At its essence, this is a map of a French Colonial Empire in transition — one might even say: an empire in dissolution. Throughout most of the 18th century, the French had been at odds with the British – especially in the New World. The two empires’ forces and interests had clashed in a number of wars, including the War of Austrian Succession (1740-1748), The Seven Years War (1756-1763), and the American Revolution (1775-1783), and each time it seemed that France somehow came out the loser. It was following the Seven Years War and the signing of the Treaty of Paris in 1763 that France lost its North American colonies. Napoleon managed to reestablish some of the French North American Empire by taking back the Louisiana Territory from Spain in 1800, but with his ongoing wars in Europe, Napoleon soon needed to channel both his attention and his resources elsewhere. In order not to stretch his lines too thin, he decided to sell the entire territory to the fledgling nation of the United States of America; a new republic that the French helped birth. The sale was completed in 1803, under President Thomas Jefferson, and is today known as the Louisiana Purchase. This massive expansion of the United States doubled the size of its landmass and massively expanded both its frontier and potential. The sale also meant that all France had left in the Western Hemisphere, were a few Caribbean colonies.

When this map was published in 1780, it was only in St Dominique (i.e. the western half of Hispaniola) and on some of the Antilles that France remained the colonial power. While these holdings meant that a French military presence was maintained in the Americas, it also secured for France a steady flow of traded goods on which consumers in Europe depended. Primary among these was sugar, which France, like many other European nations, cultivated on large Caribbean plantations worked primarily by a bandaged labor force of African slaves and their descendants. The largest and most profitable French colony was St Dominique, which France had shared with the Spanish Empire since 1664. Fifteen years after this map was published, Spain would cede the rest of the island to France in the Treat of Basel (1795). Prior to this ‘reunification’ of the island, the French garrisons on the island had to deal with a massive slave revolt in 1791. While this uprising was quelled for a time – especially with the arrest of its leader, Toussaint l’Ouverture in 1801 – the French colonial regime could not withstand the pressure, and in 1804, Jean-Jacques Dessalines could declare Haiti the so-called ‘First Black Republic’. 

Cartographer(s):

Philippe Buache

Philippe Buache (born La Neuville-au-Pont, 7 February 1700; died Paris, 24 January 1773) was a French geographer, known for inventing a new system of geography and popularizing this field.
Buache was trained under the geographer Guillaume Delisle, whose daughter he married, and whom he succeeded in the Académie des sciences in 1730.
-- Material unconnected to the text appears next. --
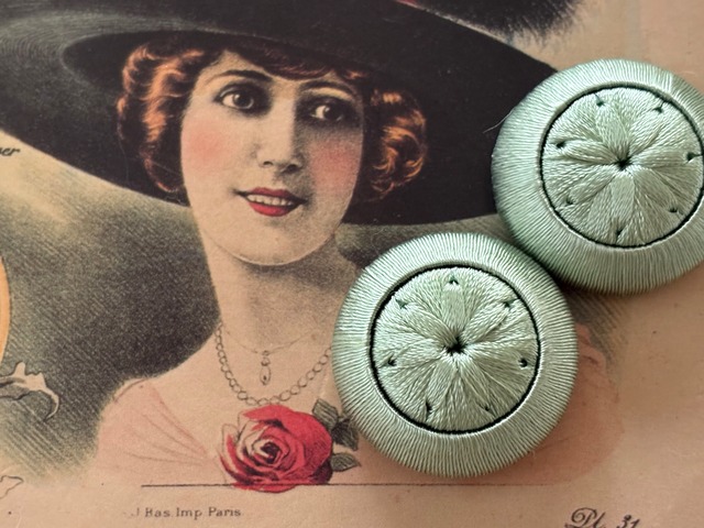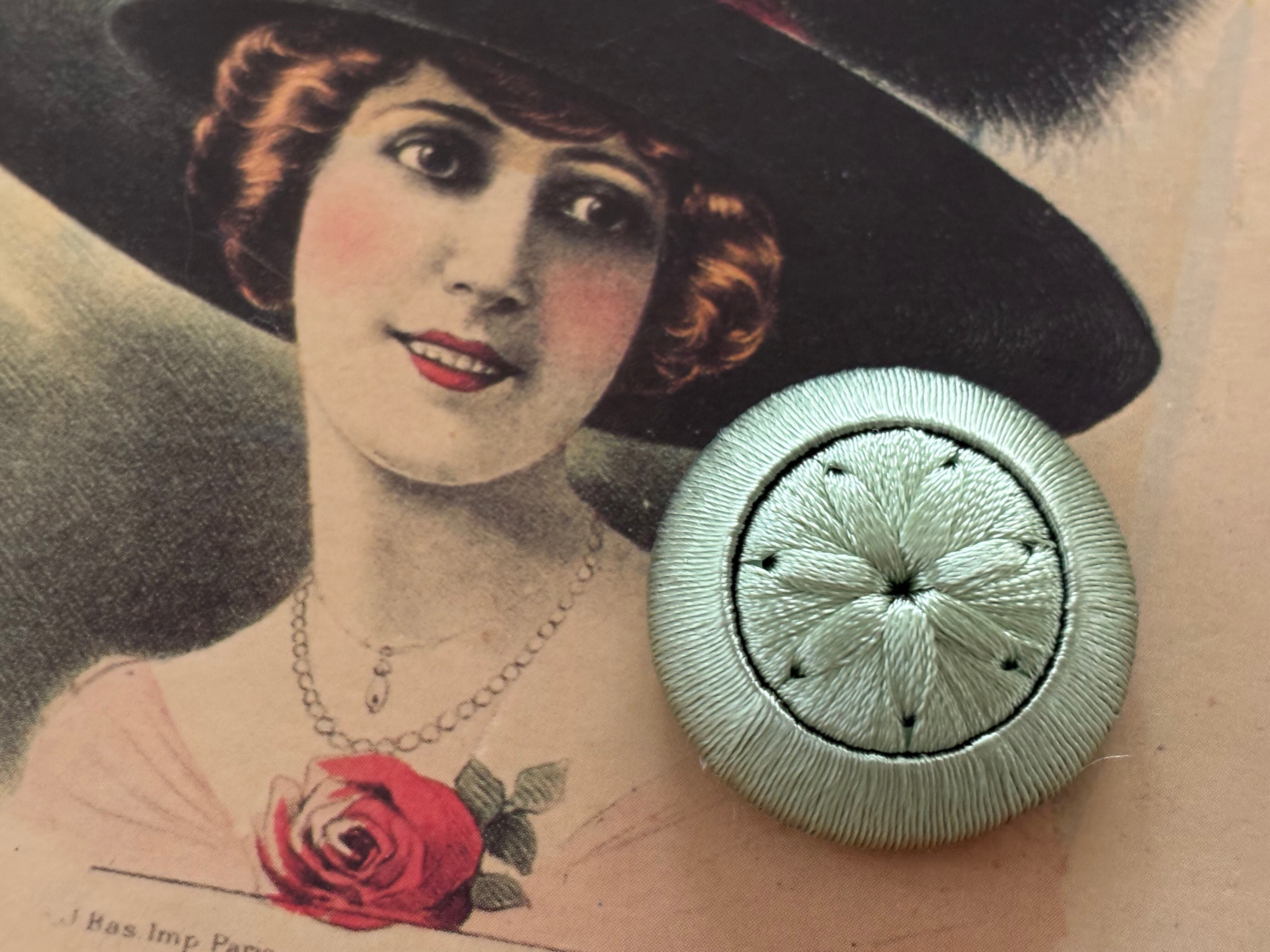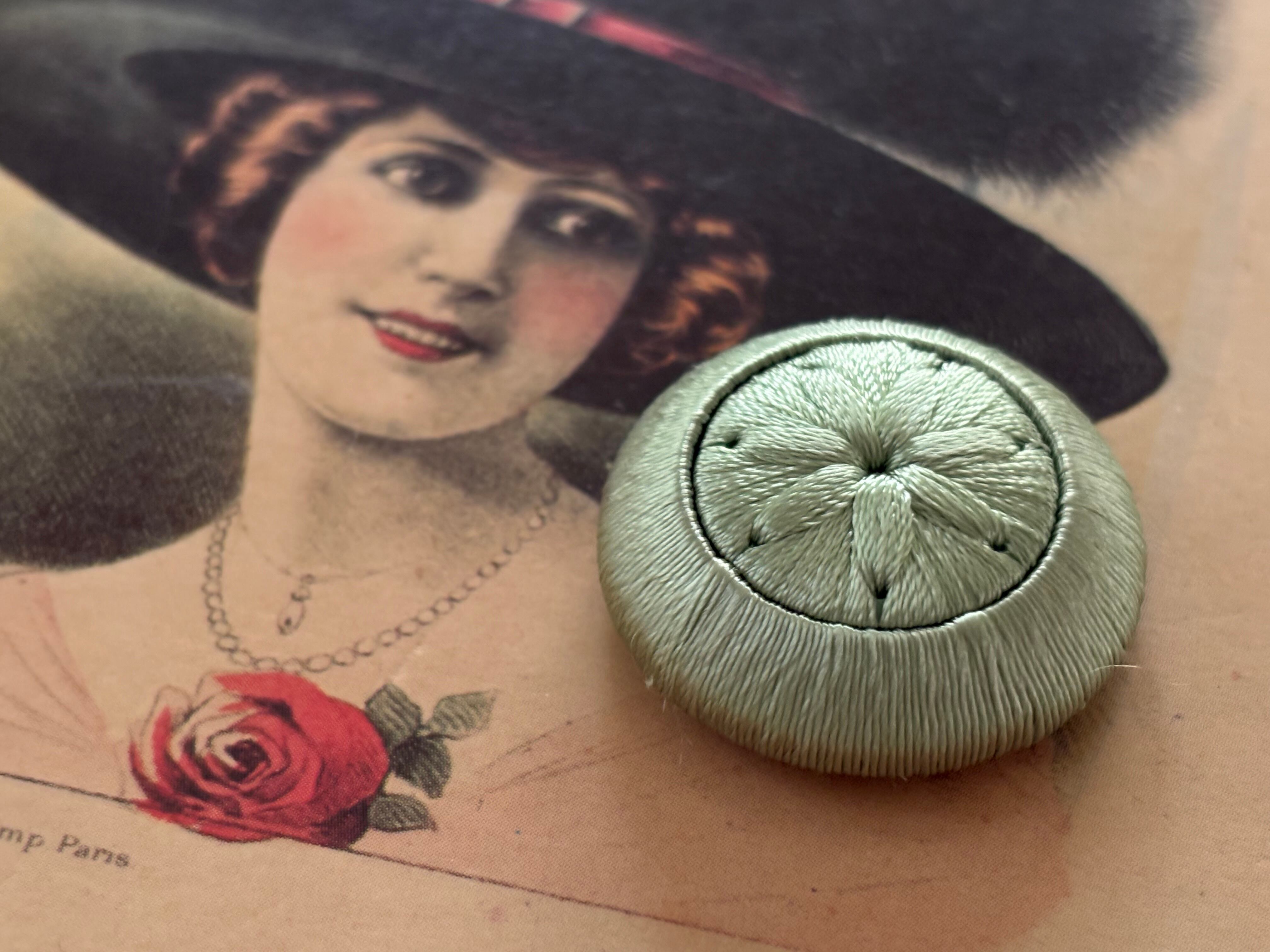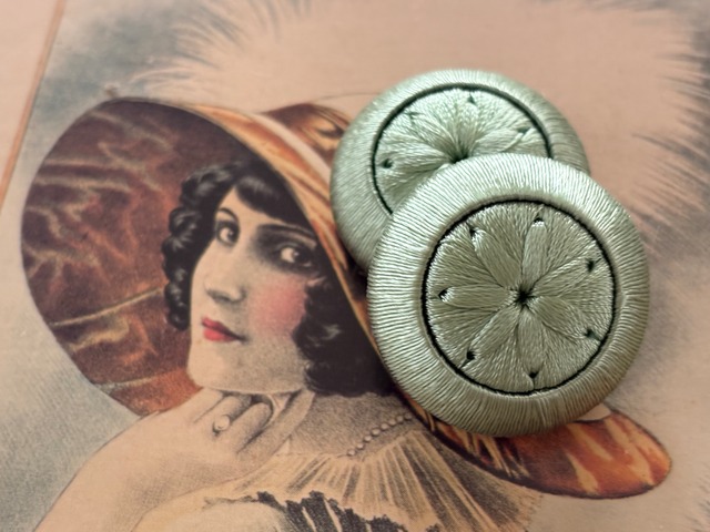 艶やかでエレガントな淡いグリーンカラーのコードボタン。

Buache was nominated first geographer of the king in 1729. He established the division of the world by seas and river systems. He believed in a southern continent, an hypothesis which was confirmed by later discoveries. In 1754, he published an “Atlas physique.”

The Dezauche Family

Jean-Claude Dezauche was a well-known Paris map publisher who set up his shop around 1770. The foundation for the business was his acquisition of the archives of Guillaume De l’Isle and Philipe Buache, two of the most highly-renowned royal French cartographers.

Among Dezauche’s many lucrative contracts was a monopoly on selling the maps produced by the national Dèpôt de la Marine. When his son, Jean André Dezauche, took over the family business upon his father’s death, he inherited this contract.

Condition Description

Original outline and wash color. Excellent, bright image. Minor wear.